Relationship between Data Mining and Machine Learning
There is no universal agreement on what “Data Mining” suggests that. The focus on the prediction of data is not always right with machine learning, although the emphasis on the discovery of properties of data can be undoubtedly applied to Data Mining always.
So, let’s begin with that: data processing may be a cross-disciplinary field that focuses on discovering the properties of knowledge sets. (Forget concerning it being the analysis step of “knowledge discovery in databases” KDD, this was perhaps valid years agone, it’s not anymore).
There are unit different approaches to discovering the properties of knowledge sets. Machine Learning is one of them. Another one is just gazing at the information sets victimization image techniques or Topological information Analysis.
On the opposite hand, Machine Learning may be a sub-field of knowledge science that focuses on planning algorithms that may learn from and create predictions on the information. Machine learning includes supervised Learning and Unsupervised Learning ways. Unsupervised ways take off from unlabelled information sets, so, in a way, they’re associated directly with looking for unknown properties in them (e.g., clusters or rules).
It is clear then that machine learning will be used for data processing. However, data processing will use different techniques besides or on high of machine learning.
To create things even a lot of sophisticated, currently, we have a replacement term, information Science, that’s competitory for attention, particularly with data processing and KDD. Even the SIGKDD cluster at ACM is slowly moving towards victimization information Science. On their website, they currently describe themselves as “The community for data processing, information science, and analytics.” According to the predictions, KDD can disappear as a term pretty before a lengthy edition, and data processing can merely merge into an information science.

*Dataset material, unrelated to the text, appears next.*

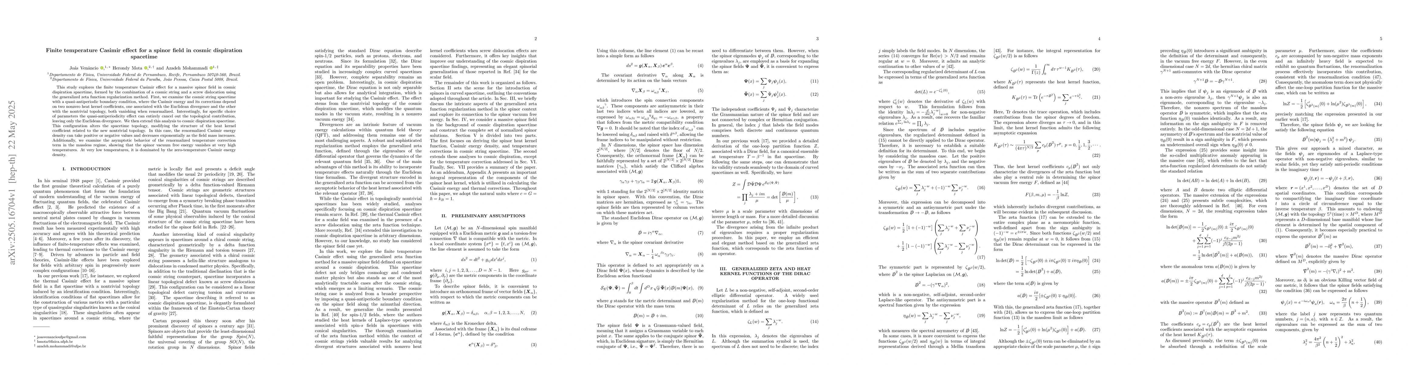 The research employs the generalized zeta function regularization method to study the finite temperature Casimir effect for a massive spinor field in cosmic dispiration spacetime, formed by a cosmic string and a screw dislocation.

Say the matter is to filter Outliers from your information (Anomaly detection), which might be a knowledge Mining task. One could build use of standard Machine Learning techniques like K-means algorithmic rule in Cluster analysis to spot these outliers and build the algorithmic rule to learn whereas doing this.
Now, these Outliers square measure ‘Previously Unknown, ’ and thus the task was the same be of information Mining, whereas Machine Learning comes into an image with the ‘Learning’ attribute of the algorithmic rule wont to find the outliers.
To “teach the machine” you wish information. As an example, if you would like to train a neural web for predicting the winner of the Superbowl, you can’t merely sort in UN agency won that game for the year. That’s not reaching to be enough. You will wish for a lot of information, like the maximum amount you’ll be able to get. You want each stat for each player ideally for his or her entire career. A lot of information you’ve got, a lot of the neural web will learn from the same details. I attempted coaching a neural network to form practical jokes and I had like 10kb of information. I believed that was loads, then found a diary wherever somebody was victimized over 3mb. That’s why you wish for data processing. If you’re thinking of the pc as someone, how long will it take someone to be told to speak? They observe several conversations; they don’t merely hear ten conversations then as if by magic become fluent. Thus essentially, data processing is one of the earliest steps toward machine learning. You mine the info, then organize, normalize, etc. because of the initial stages of coaching a neural web.